T-Shaped-N-Doped Polycyclic Aromatic Hydrocarbons: A New Concept of Dopant-Free Organic Hole-Transporting Materials for Perovskite Solar Cells
Jakub Wagner, Rohit D. Chavan, Joanna Kruszyńska, Muhammad Ans, Apurba Mahapatra, Nada Mrkyvkova, Peter Šiffalovič, Pankaj Yadav, Murat Ebiç, Seçkin Akın, Adam Kubas, Marcin Lindner, Daniel Prochowicz
Abstract
Although metal halide perovskites are positioned as the most powerful light-harvesting materials for sustainable energy conversion, there is a need for a thorough understanding of molecular design principles that would guide better engineering of organic hole-transporting materials, which are vital for boosting the performance and stability of perovskite solar cells.
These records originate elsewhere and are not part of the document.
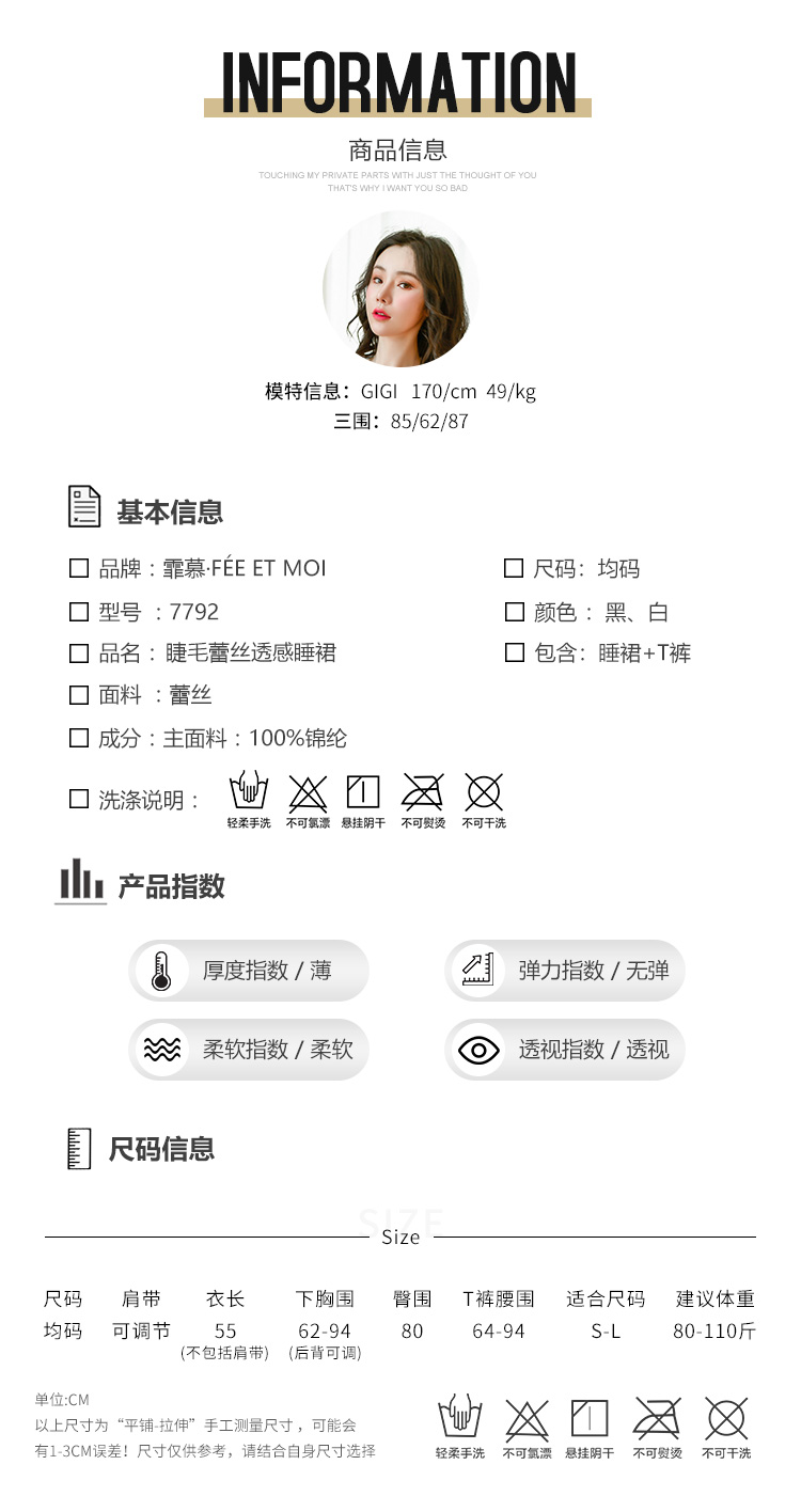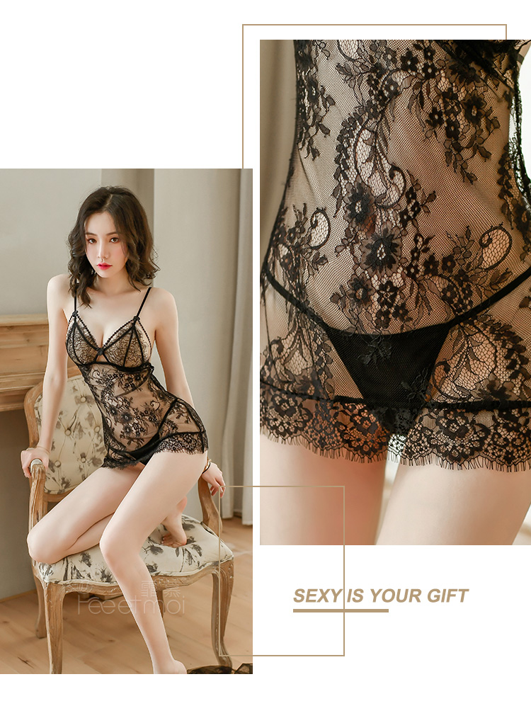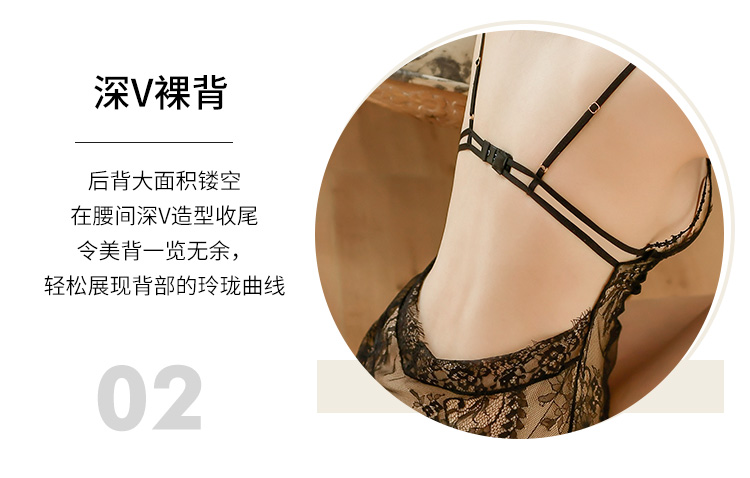 【深V的迷恋】情趣睡衣 女士内衣 性感 吊带 蕾丝 居家睡裙 套装 欧美 7792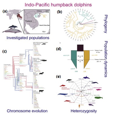 a)中華白海豚在中國南海西北部雷州灣和三娘灣的種群分布;(b)中華白海豚種群系統發育樹;c)中華白海豚染色體演化;(d)中華白海豚的種群動態;(e)雷州灣和三娘灣中華白海豚種群與其他哺乳動物雜合度的比較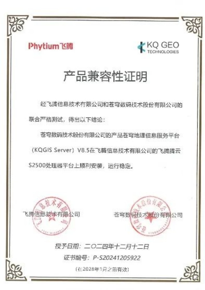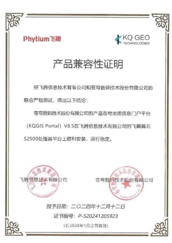 蒼穹數(shù)碼和飛騰的產(chǎn)品適配認(rèn)證,是雙方共同開展的一項(xiàng)覆蓋產(chǎn)品功能完整性、性能穩(wěn)定性以及安全性等多個(gè)關(guān)鍵維度的測試活動(dòng)。經(jīng)過嚴(yán)謹(jǐn)和細(xì)致的測試,證明KQGIS在飛騰環(huán)境上運(yùn)行流暢,性能卓越,能夠完全滿足用戶對于關(guān)鍵性應(yīng)用的高標(biāo)準(zhǔn)需求。本次適配認(rèn)證也意味著蒼穹數(shù)碼在國產(chǎn)環(huán)境廣泛兼容性上又得到了進(jìn)一步提升,能夠?yàn)橛脩籼峁└觾?yōu)秀的GIS產(chǎn)品。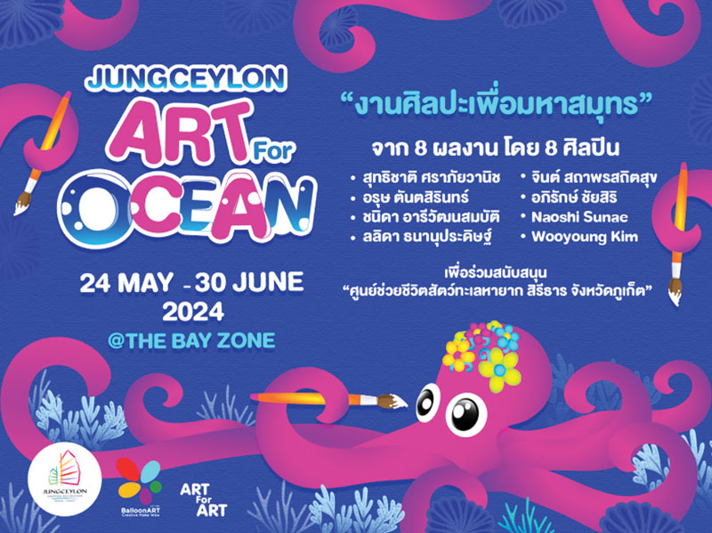 ชวนชม งานศิลปะเพื่อมหาสมุทร ผลงานศิลปะบนหนวดปลาหมึกบอลลูนยักษ์ในงาน “JUNGCEYLON ART FOR OCEAN” 24 พ.ค. ถึง 30 มิ.ย.ที่ศูนย์การค้าจังซีลอนป่าตอง ภูเก็ต โทร.076-600111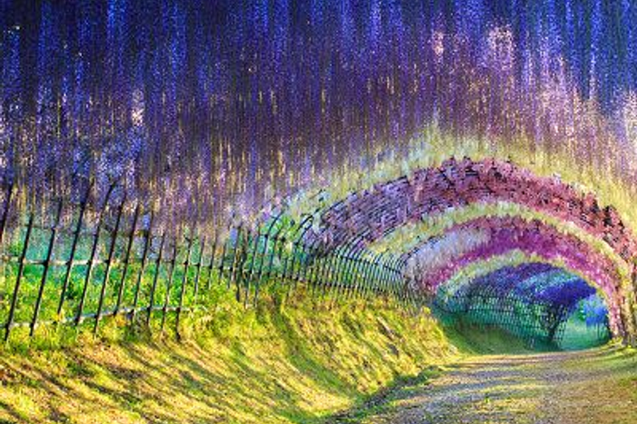 【足利花卉公園~紫藤花期預計4/15~5/14】最具代表的花卉,屬於多年生藤蔓植物,莖具纏繞性,直徑達10公分以上,常被用作棚架觀賞植物,花狀花序側生在枝端,20~30朵紫色小花整齊排列,開花時蝶形花朵成串下垂,長度可達15~30公分,花量大時彷彿紫色瀑布,美得令人屏息。公園裡的紫藤約300棵,每逢盛開時聲勢驚人,被公認是全世界最漂亮的紫藤花美景。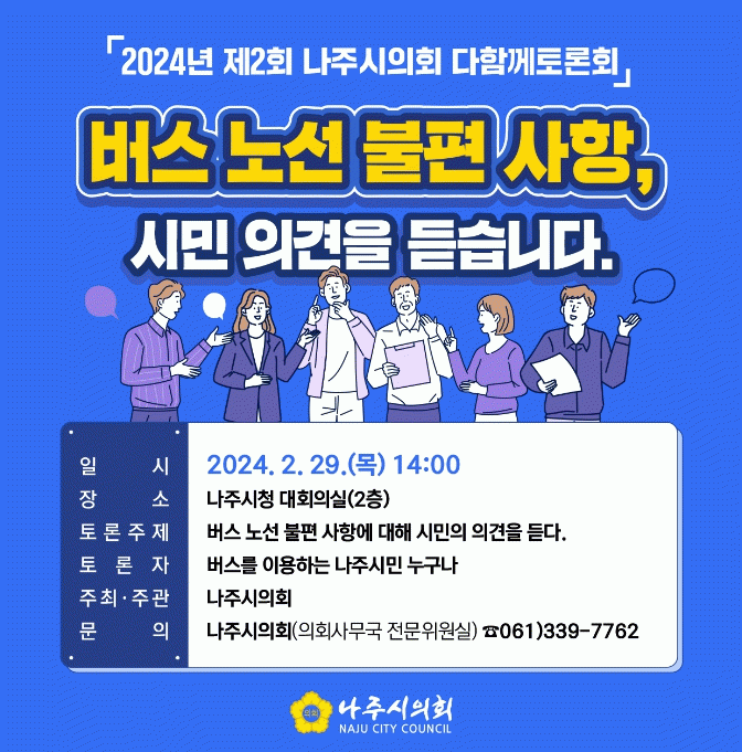 [¹Ìµð¾îÀü³² Á¦°¥´ëÁ¾ ±âÀÚ]³ªÁÖ½ÃÀÇȸ´Â 29ÀÏ 14½Ã, ³ªÁÖ½Ãû ´ëȸÀǽÇ(2Ãþ)¿¡¼ ¡®2024³â Á¦2ȸ ³ªÁÖ½ÃÀÇȸ ´ÙÇÔ²²Åä·Ðȸ¡¯¸¦ °³ÃÖÇÑ´Ù. À̹ø Åä·Ðȸ´Â Áö³ÇØ 10¿ù Àü¸é °³ÆíµÇ¾î ½ÃÇà ÁßÀÎ ¹ö½º ³ë¼±¿¡ °üÇÑ »ý°¢À» ¹ö½º¸¦ ÀÌ¿ëÇϴ¡¦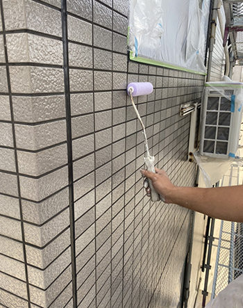 タイル地の外壁も塗装を施していきます。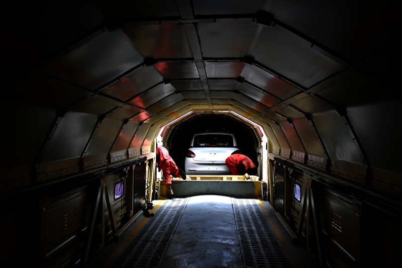這些小汽車“乘坐”的火車是JSQ6型雙層運輸汽車專用鐵路貨車,每節車廂兩端都可以打開,在車廂連接處鋪上擋板,相鄰的車廂就可以連起來形成通道。每節車廂可以裝載9至15輛小汽車。其中一部分小汽車會“坐”著火車,通過鐵海聯運班列運往海外。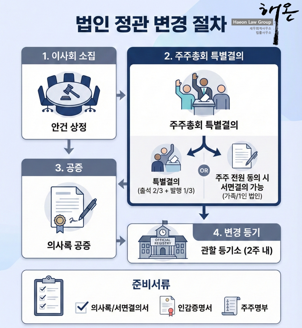 • 엄격한 절차: 정관 변경은 주주총회 특별결의를 원칙으로 하되, 주주 전원 동의 시 서면결의로 간편하게 대체할 수 있습니다.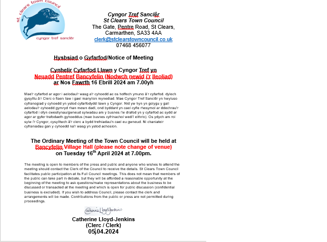 Copyright - St Clears Town Council - All Rights Reserved -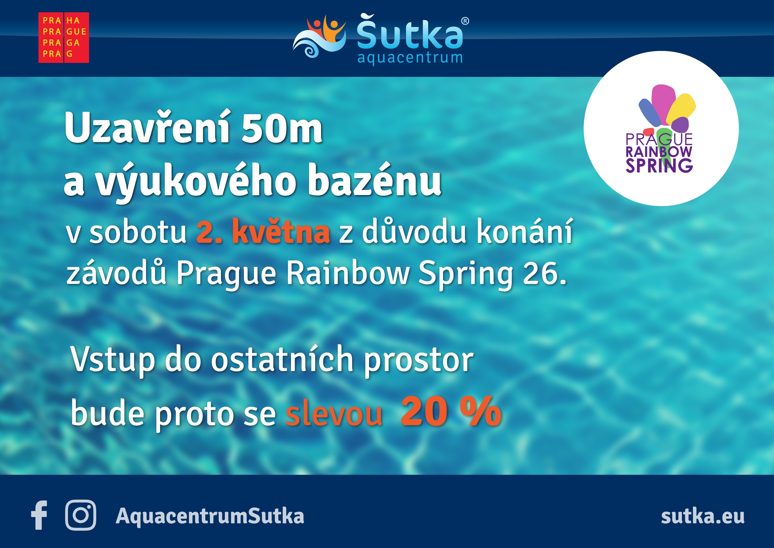 v sobotu 2. května bude 50m bazén a výukový bazén po celý den uzavřen z důvodu konání závodů Prague Rainbow Spring ’26.

To address this formidable challenge, here, we developed a new design strategy based on the curved N-doped polycyclic aromatic hydrocarbon merged with T-shaped phenazines being decorated with (phenyl)-di- p -methoxyphenylamine (OMeTAD)─N-PAH23/24 and -3,6-ditertbutyl carbazole (TBCz)─N-PAH25/26. As N-PAH23/24 exhibited satisfying thermal stability, the comparative studies performed with various experimental and simulation methods revealed a pronounced correlation between the depth of the central cyclazine core and the form of the T-shape units. This proved to be a crucial factor in controlling their π–π intermolecular interaction as well as self-assembly behavior with the perovskite layer, leading to enhanced humidity resistance, operational stability, and a maximum power conversion efficiency of 20.39% denoted for N-PAH23, which is superior to the benchmarked device with doped spiro-OMeTAD (19.23%). These studies not only resulted in optimized stability and device performance but also opened a conceptually new chemical space in the photovoltaic technology.